Date of Award

12-2025

Degree Name

MS in Electrical Engineering

Department/Program

Electrical Engineering

College

College of Engineering

Advisor

Xiao-Hua (Helen) Yu

Advisor Department

Electrical Engineering

Advisor College

College of Engineering

Abstract

Gesture recognition using wrist-based Electromyography (EMG) presents the opportunity to push the boundaries of hand tracking technology while eliminating many limitations of current solutions. However, EMG signals are diverse and difficult to decode. Previous works have opted to reduce the difficulty of the problem by only classifying a small number of gestures, training participant and session specific models, using many electrodes, and/or using large time windows for non-real-time operation.

With the goal of advancing more widely applicable solutions, this thesis develops real-time, participant and session generalized, gesture recognition deep learning models by leveraging the GRABMyo dataset.
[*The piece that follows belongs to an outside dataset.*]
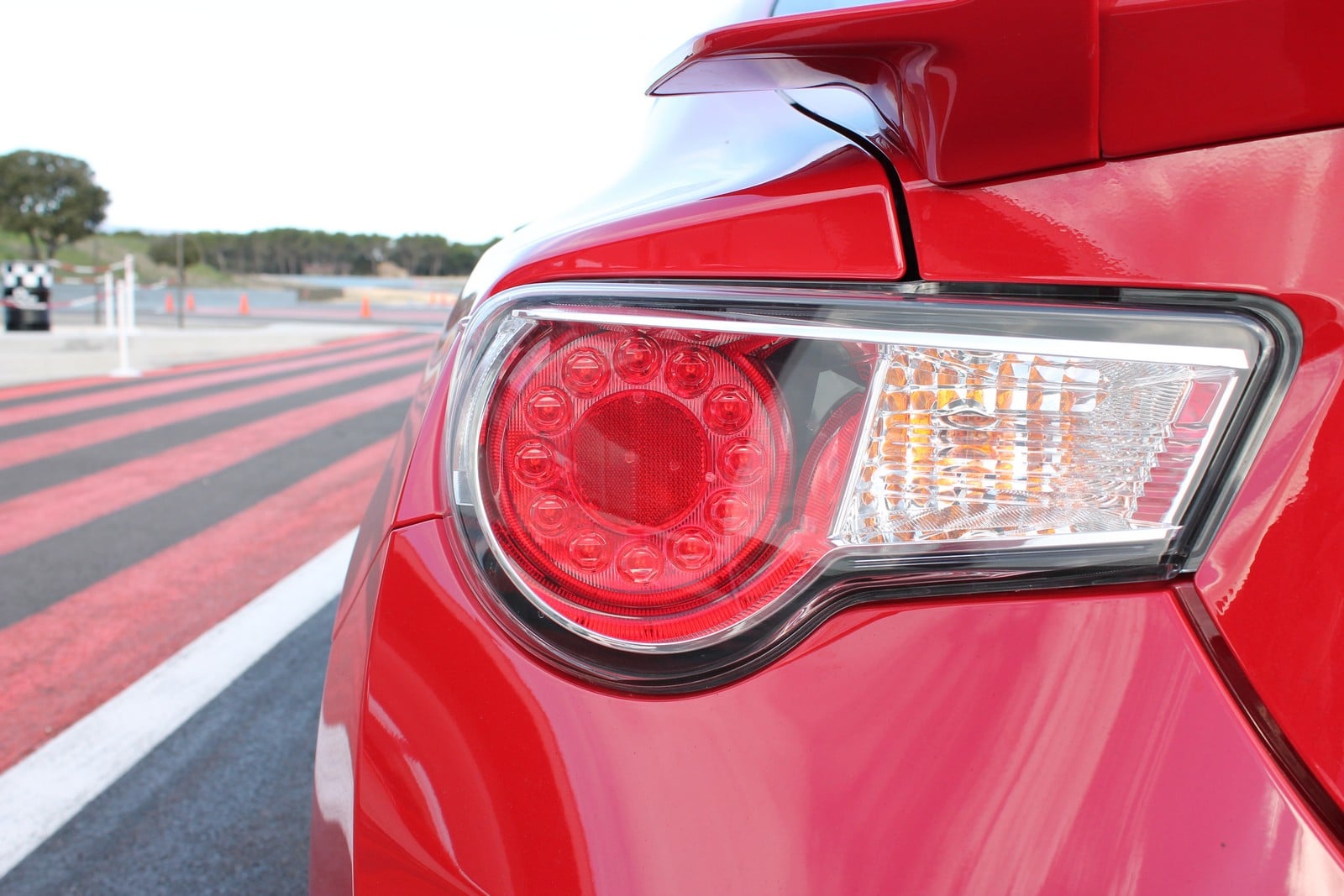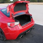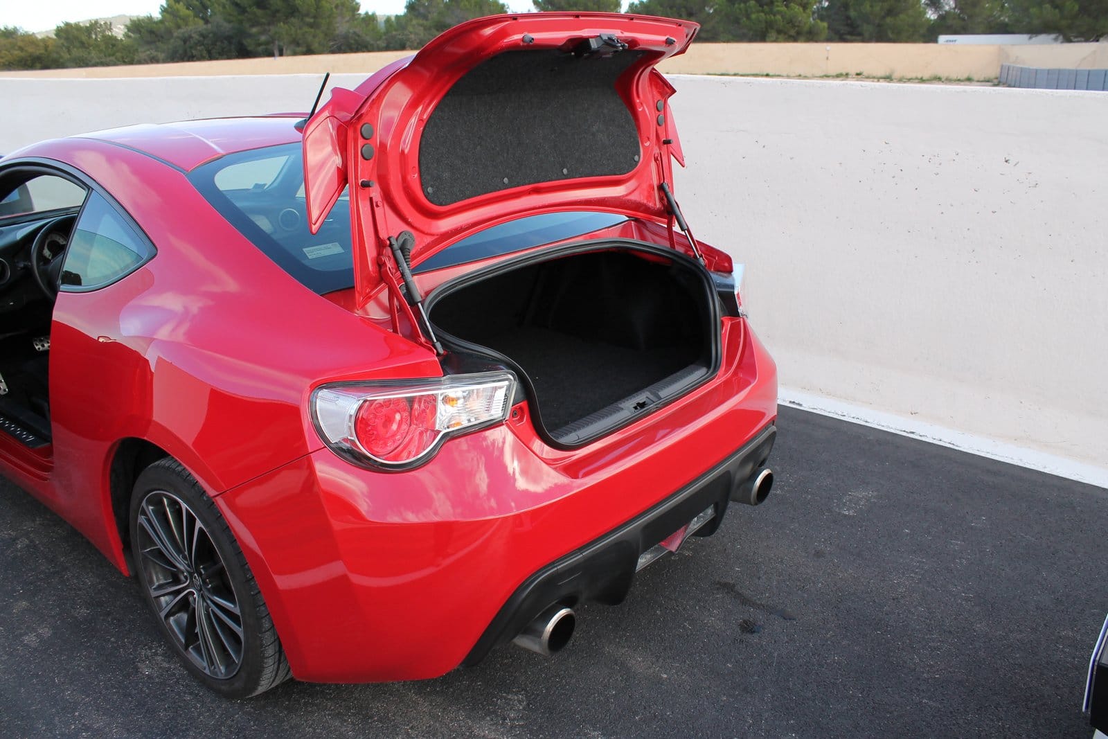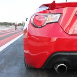 La partie arrière n’est pas en reste par rapport à la proue : des feux incrustés aux extrémités (la GT86 mesure 1,78 m de large) avec un dessin circulaire des feux stop qui donnent un air sportif très sympathique. L’aileron collé à la malle et la double sortie d’échappement droite gauche (de 86 mm !) donnent le ton

This dataset has many participants, multiple sessions, and many gestures compared to other datasets, making it ideal for studying the robustness of gesture recognition models.

Unlike most previous works, the proposed models are trained using data of only six electrodes located on the wrist and evaluated with unseen participants and/or unseen sessions. Computer simulation results show that the proposed CNN achieves an average of 82.90% accuracy on 17 gestures while having 10 times fewer trainable parameters than similar existing models, making it more suitable for real-time implementation. The proposed TCN model performs more robustly than CNN on unseen participants, demonstrating a better generalization property and reducing the need to retrain the model for new users.